Task prompt: For every line in the material, output its text exactly and exclude any image it holds.

Data segment:
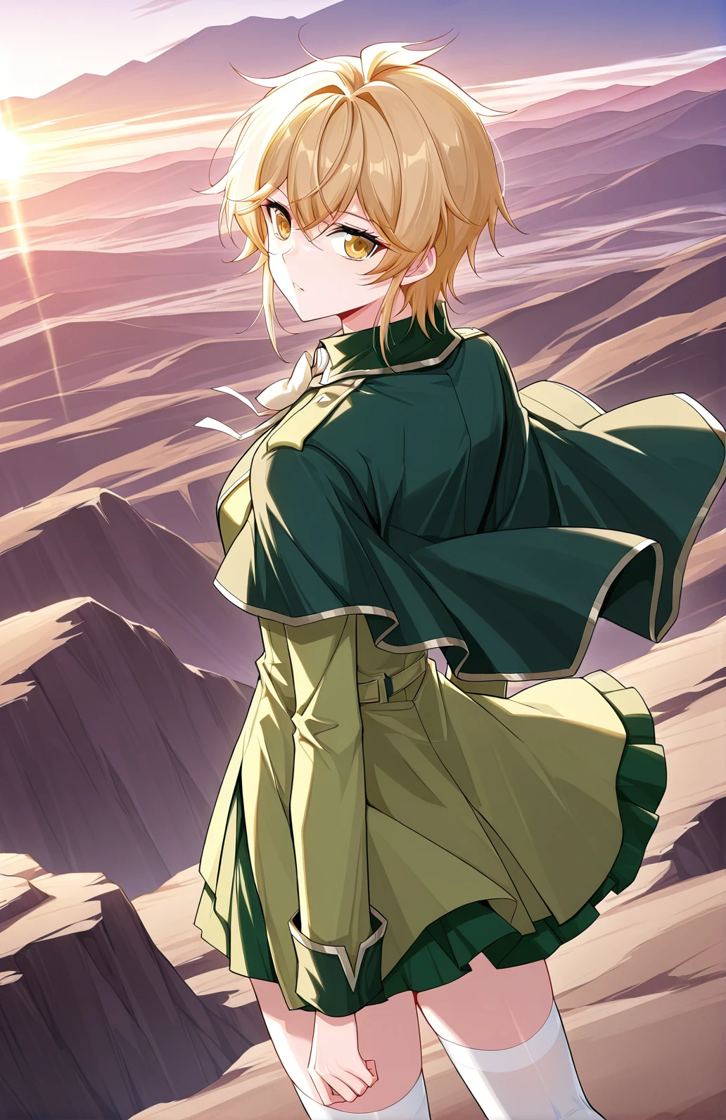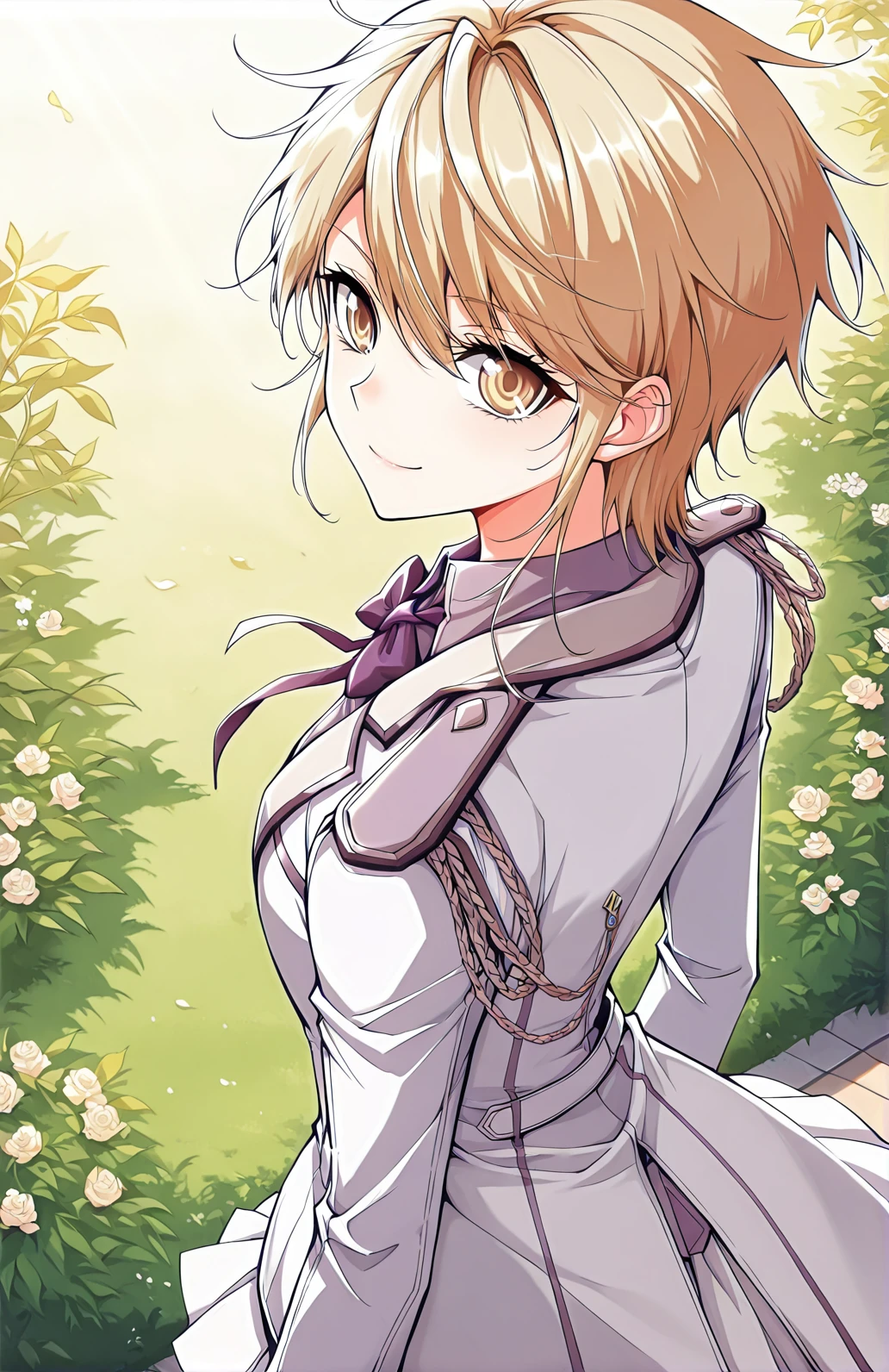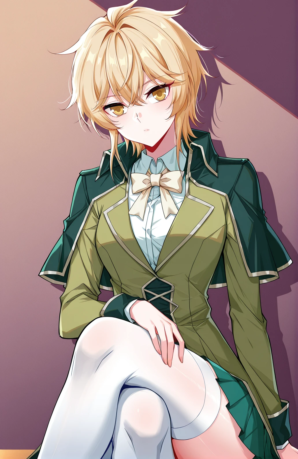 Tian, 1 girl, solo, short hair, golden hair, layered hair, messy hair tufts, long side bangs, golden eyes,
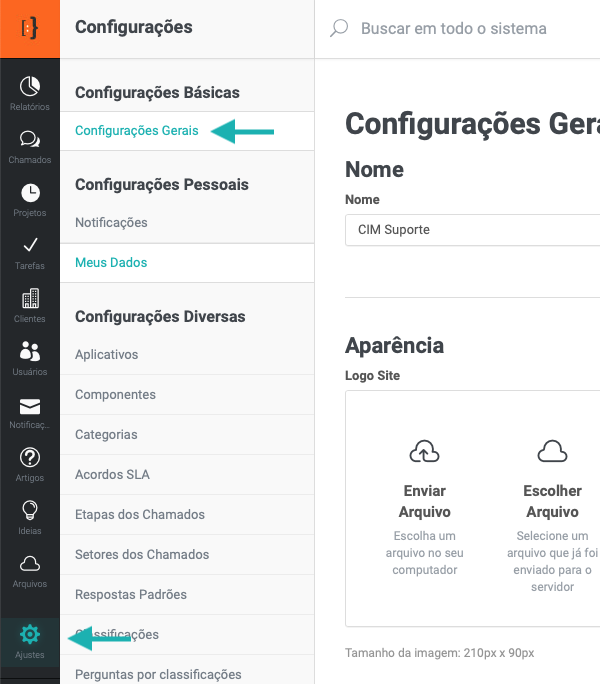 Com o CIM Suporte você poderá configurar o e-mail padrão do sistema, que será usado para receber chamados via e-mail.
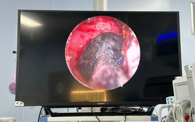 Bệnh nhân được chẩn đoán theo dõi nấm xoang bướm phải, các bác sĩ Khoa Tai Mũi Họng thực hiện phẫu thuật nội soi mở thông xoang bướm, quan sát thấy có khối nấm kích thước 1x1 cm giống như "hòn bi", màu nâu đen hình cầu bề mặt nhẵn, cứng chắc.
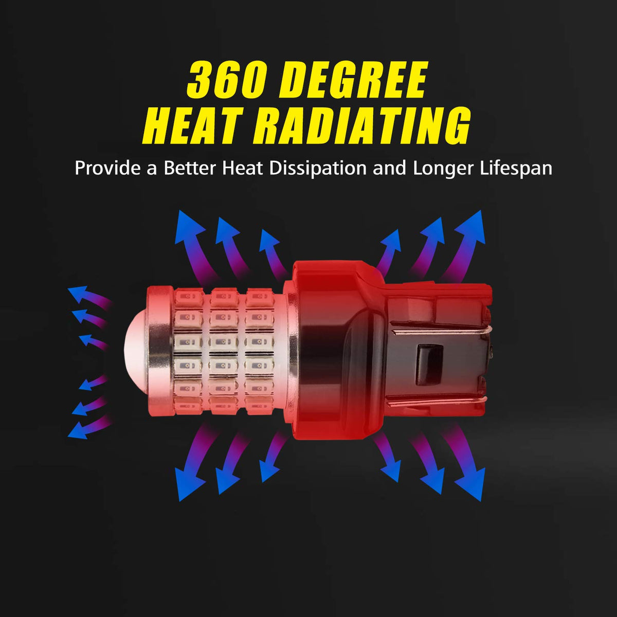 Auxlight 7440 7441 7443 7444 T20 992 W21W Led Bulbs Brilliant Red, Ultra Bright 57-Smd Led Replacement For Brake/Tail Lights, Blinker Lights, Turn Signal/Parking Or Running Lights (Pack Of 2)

Your solution:
 Tian, 1 girl, solo, short hair, golden hair, layered hair, messy hair tufts, long side bangs, golden eyes,
 Com o CIM Suporte você poderá configurar o e-mail padrão do sistema, que será usado para receber chamados via e-mail.
 Bệnh nhân được chẩn đoán theo dõi nấm xoang bướm phải, các bác sĩ Khoa Tai Mũi Họng thực hiện phẫu thuật nội soi mở thông xoang bướm, quan sát thấy có khối nấm kích thước 1x1 cm giống như "hòn bi", màu nâu đen hình cầu bề mặt nhẵn, cứng chắc.
 Auxlight 7440 7441 7443 7444 T20 992 W21W Led Bulbs Brilliant Red, Ultra Bright 57-Smd Led Replacement For Brake/Tail Lights, Blinker Lights, Turn Signal/Parking Or Running Lights (Pack Of 2)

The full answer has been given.